At this point it may be good to look at using the `smartctl` utility, as your disk may be old/dying...

root@CLCFQ92:~# smartctl -a /dev/sdb
SMART Attributes Data Structure revision number: 10
Vendor Specific SMART Attributes with Thresholds:
ID# ATTRIBUTE_NAME          FLAG     VALUE WORST THRESH TYPE      UPDATED  WHEN_FAILED RAW_VALUE
  1 Raw_Read_Error_Rate     0x000f   118   100   006    Pre-fail  Always       -       200743680
  3 Spin_Up_Time            0x0003   094   093   000    Pre-fail  Always       -       0
  4 Start_Stop_Count        0x0032   100   100   020    Old_age   Always       -       72
  5 Reallocated_Sector_Ct   0x0033   100   100   036    Pre-fail  Always       -       0
  7 Seek_Error_Rate         0x000f   073   063   030    Pre-fail  Always       -       24115411
  9 Power_On_Hours          0x0032   077   077   000    Old_age   Always       -       20273
 10 Spin_Retry_Count        0x0013   100   100   097    Pre-fail  Always       -       0
 12 Power_Cycle_Count       0x0032   100   100   020    Old_age   Always       -       39
183 Runtime_Bad_Block       0x0032   100   100   000    Old_age   Always       -       0
184 End-to-End_Error        0x0032   100   100   099    Old_age   Always       -       0
187 Reported_Uncorrect      0x0032   100   100   000    Old_age   Always       -       0
188 Command_Timeout         0x0032   100   100   000    Old_age   Always       -       0
189 High_Fly_Writes         0x003a   100   100   000    Old_age   Always       -       0
190 Airflow_Temperature_Cel 0x0022   053   043   045    Old_age   Always   In_the_past 47 (Min/Max 42/47 #179)
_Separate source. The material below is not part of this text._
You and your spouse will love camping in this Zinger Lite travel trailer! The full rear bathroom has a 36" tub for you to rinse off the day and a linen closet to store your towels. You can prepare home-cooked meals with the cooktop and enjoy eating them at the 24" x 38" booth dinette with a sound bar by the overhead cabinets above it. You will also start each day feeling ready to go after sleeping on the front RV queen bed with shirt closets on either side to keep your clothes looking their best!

191 G-Sense_Error_Rate      0x0032   100   100   000    Old_age   Always       -       0
192 Power-Off_Retract_Count 0x0032   100   100   000    Old_age   Always       -       19
193 Load_Cycle_Count        0x0032   100   100   000    Old_age   Always       -       767
194 Temperature_Celsius     0x0022   047   057   000    Old_age   Always       -       47 (0 19 0 0 0)
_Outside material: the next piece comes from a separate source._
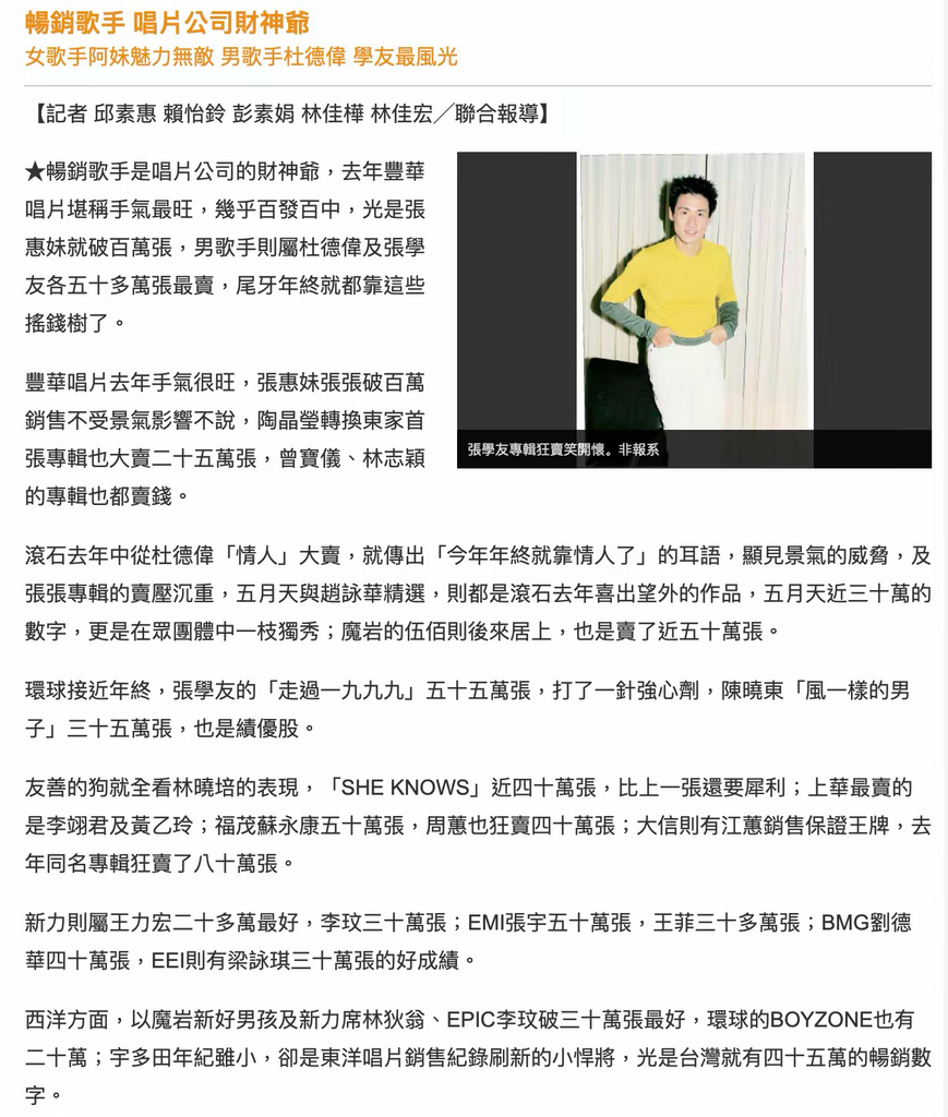 1999年台唱片量,惠妹第一名@台史上唱片量 惠妹 友治整市|PChome Online 人新台

195 Hardware_ECC_Recovered  0x001a   022   021   000    Old_age   Always       -       200743680
197 Current_Pending_Sector  0x0012   100   100   000    Old_age   Always       -       0
198 Offline_Uncorrectable   0x0010   100   100   000    Old_age   Offline      -       0
199 UDMA_CRC_Error_Count    0x003e   200   200   000    Old_age   Always       -       0
240 Head_Flying_Hours       0x0000   100   253   000    Old_age   Offline      -       12697 (213 75 0)
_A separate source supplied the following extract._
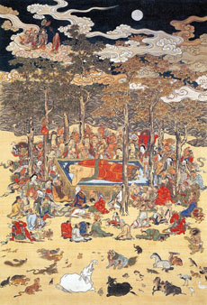 While her large-scale calligraphy shows a surprisingly masculine energy, her paintings combine delicate artistic technique with a sense of serene devotion. Her "Death of the Buddha" (18th century), shows the expiring deity surrounded by dozens of disciples and animals. The attention to worldly detail suffused with spiritual love in the picture strongly reminds us that the spiritual and material don't necessarily have to occupy different planes of reality.

241 Total_LBAs_Written      0x0000   100   253   000    Old_age   Offline      -       3453343066
242 Total_LBAs_Read         0x0000   100   253   000    Old_age   Offline      -       2807657092

Based on the output from the SMART controller, this disk is having a lot of errors and should be backed up and disposed of.